Bedeutender Zuwachs für die Städtische Sammlung

Zeppelin Archiv jetzt Teil des Zeppelin Museums
Zwei Mitarbeiterinnen des Zeppelin Museums.
Christine Buecher und Barbara Waibel. Foto: Zeppelin Museum

Seit Juli ist das Archiv der Luftschiffbau Zeppelin GmbH nicht nur räumlich, sondern auch formal Bestandteil des Zeppelin Museums. Nach 26 Jahren unter einem gemeinsamen Dach sind die beiden Institutionen mit ihren weltweit einzigartigen Sammlungen zur Bewahrung der Zeppelin-Geschichte Friedrichshafens nun vereint. Für die Städtische Kunst- und Techniksammlung ein bedeutender Wertzuwachs.

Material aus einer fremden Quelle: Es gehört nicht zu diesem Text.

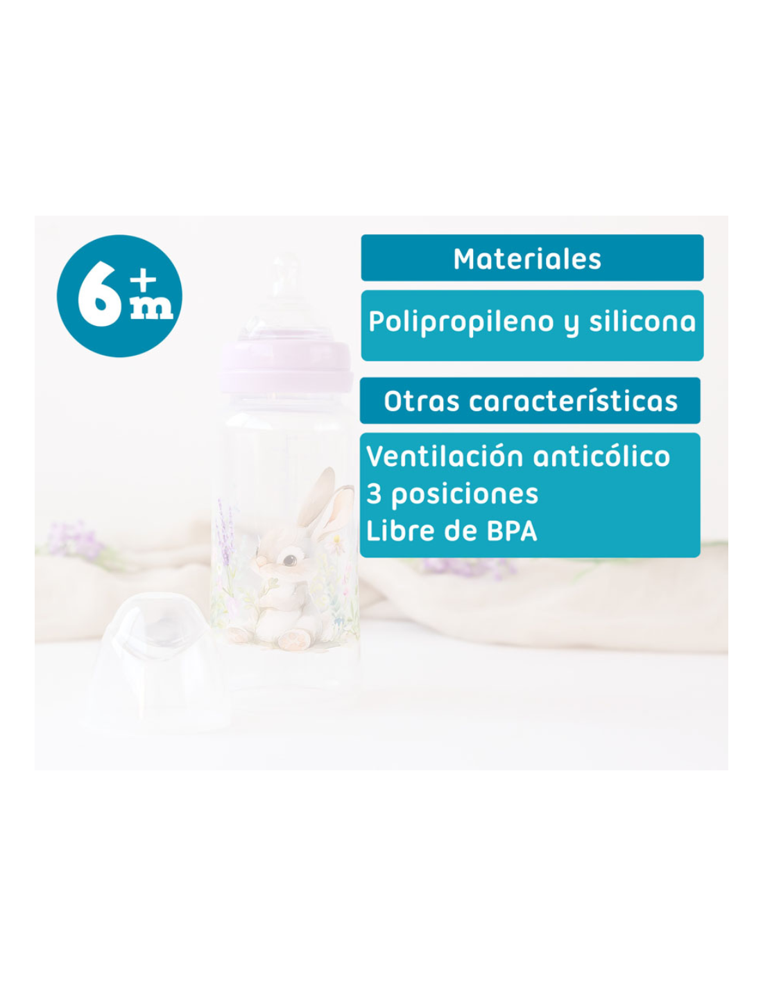 Este biberón de boca ancha ofrece una mayor superficie de apoyo para los labios del bebé, facilitando también su llenado y limpieza . Su tetina de silicona de alta calidad no absorbe olores ni sabores, y mantiene su forma y textura con el uso, siendo apta para lavavajillas y esterilizadores . Además, cuenta con un sistema anticólicos que permite un flujo constante de leche, reduciendo el riesgo de cólicos en el bebé. Las tetinas universales de 3 posiciones permiten regular el flujo simplemente girando el biberón: posición 1 para flujo lento, posición 3 para líquidos más densos. El exterior presenta un diseño alegre en color lavanda, combinando estética y funcionalidad a la perfección. Forma parte de la colección Honey, disponible en varios colores. Libre de BPA y con materiales seguros para la salud de tu bebé.

Noch heute prägen Zeppeline das Stadtbild Friedrichshafens. Die von Graf von Zeppelin und seinen Ingenieuren entwickelten Luftschiffe üben seit jeher eine große Faszination auf Groß und Klein aus. Am Ort ihrer Entstehungsgeschichte erinnert nicht nur das Zeppelin Museum an diese herausragenden Leistungen, sondern auch das Archiv der Luftschiffbau Zeppelin GmbH, kurz Zeppelin Archiv. Dass die Stadt ihren Wohlstand den Unternehmen verdankt, die aus der Luftschiffbau Zeppelin GmbH hervorgegangen sind und Friedrichshafen zu einem der wichtigsten Industriestandorte in Süddeutschland gemacht haben, zeigen seine Archivalien: Als weltweit größte Sammlung zur Geschichte der Zeppelin-Luftschifffahrt umfasst das Zeppelin Archiv Unterlagen aus dem Nachlass des Grafen von Zeppelin, aus der Geschichte des 1908 gegründeten Unternehmens und seiner Tochterbetriebe.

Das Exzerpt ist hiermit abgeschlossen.